◆ WHAT TO DO
Further down are entries; set down exactly and only the lines from the one with "حذرت الهيئة العامة" up to and including the one with "Słowo „śpiesz się", dropping each picture.

◆ DATA SECTION
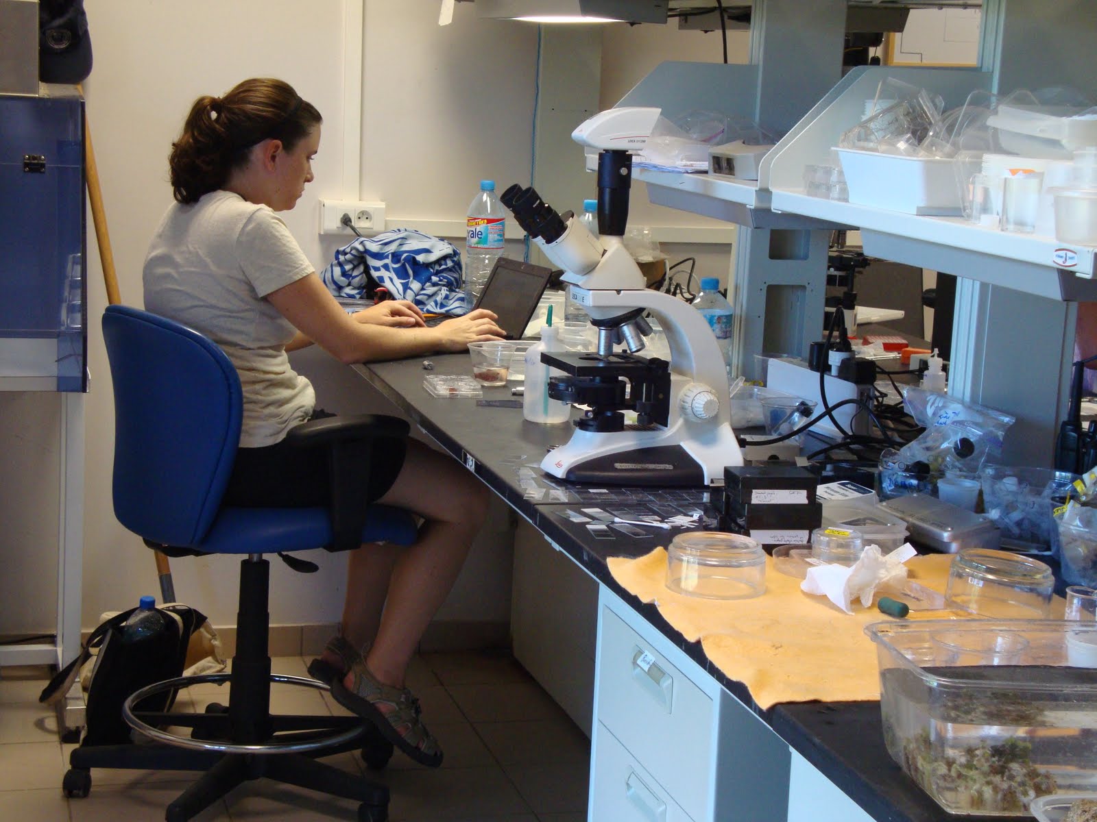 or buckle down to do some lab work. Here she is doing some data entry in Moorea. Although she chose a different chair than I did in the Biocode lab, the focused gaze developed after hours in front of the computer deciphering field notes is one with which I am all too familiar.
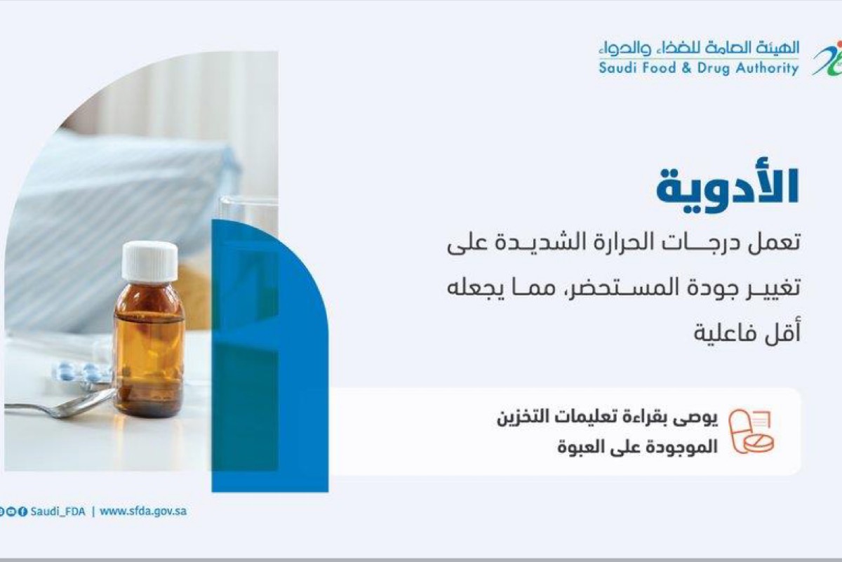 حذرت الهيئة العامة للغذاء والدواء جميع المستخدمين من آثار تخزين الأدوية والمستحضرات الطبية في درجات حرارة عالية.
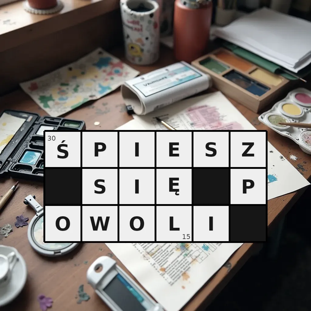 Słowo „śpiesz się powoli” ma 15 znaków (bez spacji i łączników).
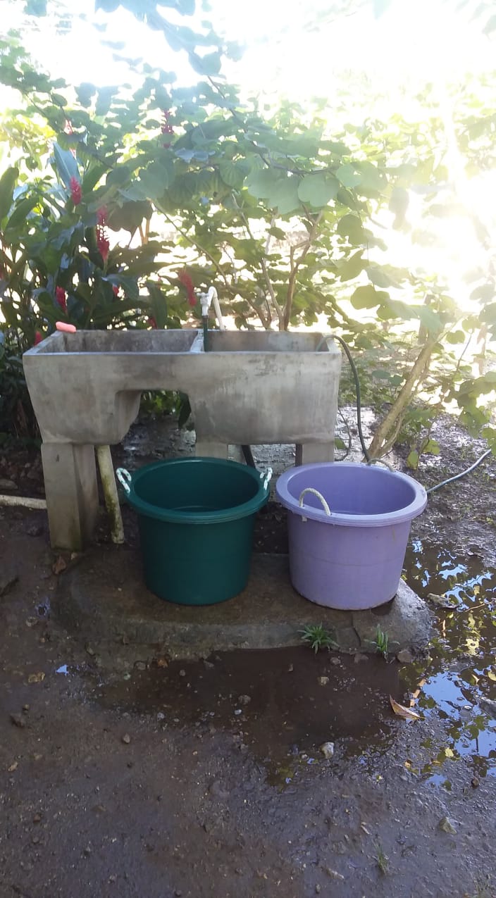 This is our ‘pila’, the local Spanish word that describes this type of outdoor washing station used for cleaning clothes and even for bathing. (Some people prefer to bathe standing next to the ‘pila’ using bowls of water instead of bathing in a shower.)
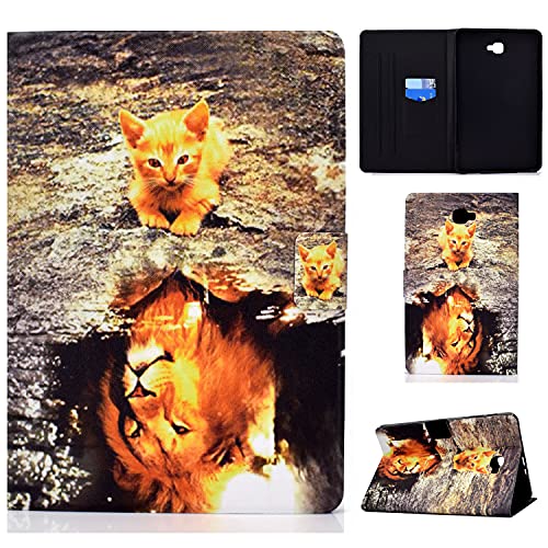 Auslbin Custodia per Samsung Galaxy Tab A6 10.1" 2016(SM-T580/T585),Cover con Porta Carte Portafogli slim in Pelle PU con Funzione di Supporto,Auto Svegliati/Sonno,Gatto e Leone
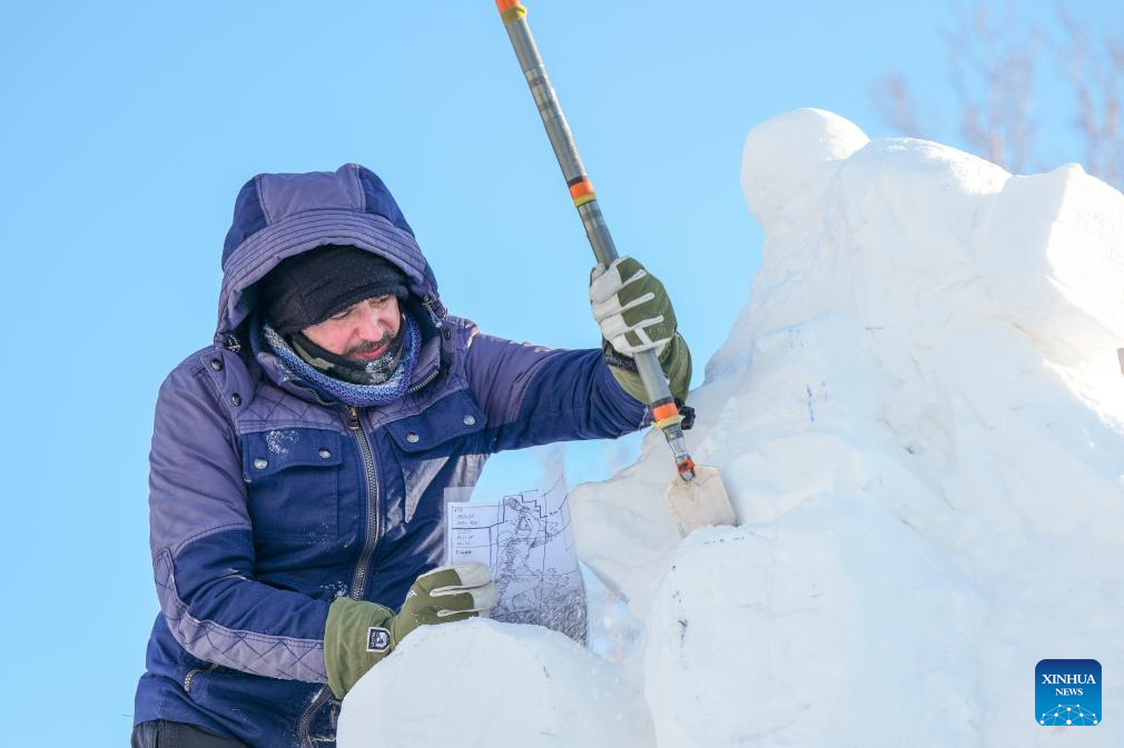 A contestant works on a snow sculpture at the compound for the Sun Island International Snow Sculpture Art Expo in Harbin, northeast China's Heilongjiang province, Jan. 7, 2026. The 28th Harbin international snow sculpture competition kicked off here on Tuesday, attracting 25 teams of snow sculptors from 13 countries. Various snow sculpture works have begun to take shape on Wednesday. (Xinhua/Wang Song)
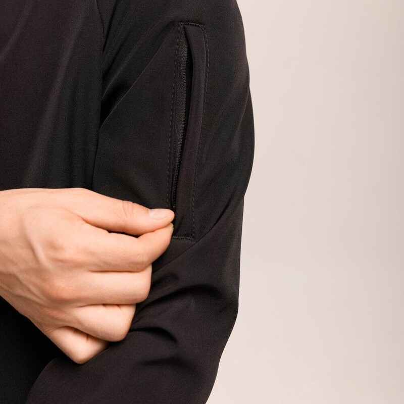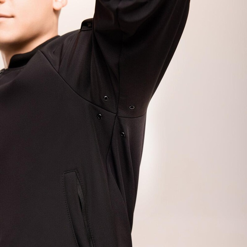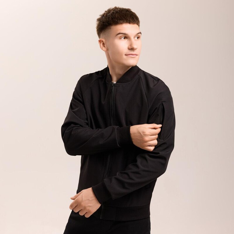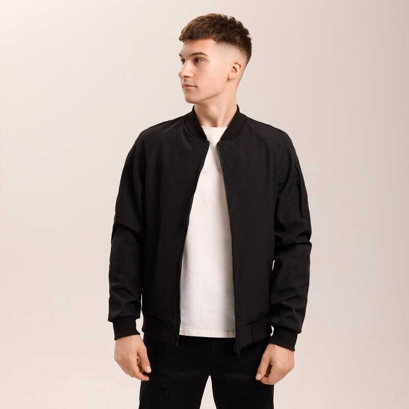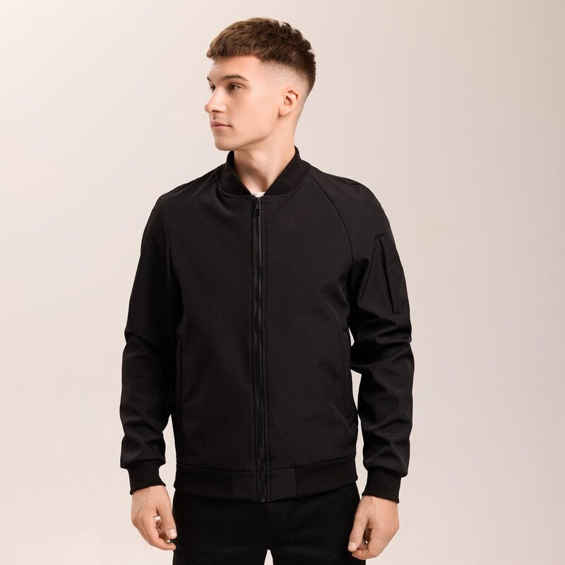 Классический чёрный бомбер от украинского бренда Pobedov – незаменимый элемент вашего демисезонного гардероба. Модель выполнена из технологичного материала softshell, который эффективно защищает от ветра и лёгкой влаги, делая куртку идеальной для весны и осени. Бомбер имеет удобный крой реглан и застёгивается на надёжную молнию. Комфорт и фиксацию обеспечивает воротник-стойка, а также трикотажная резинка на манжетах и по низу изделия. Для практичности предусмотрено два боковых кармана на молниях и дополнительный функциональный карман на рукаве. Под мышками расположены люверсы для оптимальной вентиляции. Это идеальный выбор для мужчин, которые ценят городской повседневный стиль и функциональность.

◆ PROBLEM SOLUTION
 حذرت الهيئة العامة للغذاء والدواء جميع المستخدمين من آثار تخزين الأدوية والمستحضرات الطبية في درجات حرارة عالية.
 Słowo „śpiesz się powoli” ma 15 znaków (bez spacji i łączników).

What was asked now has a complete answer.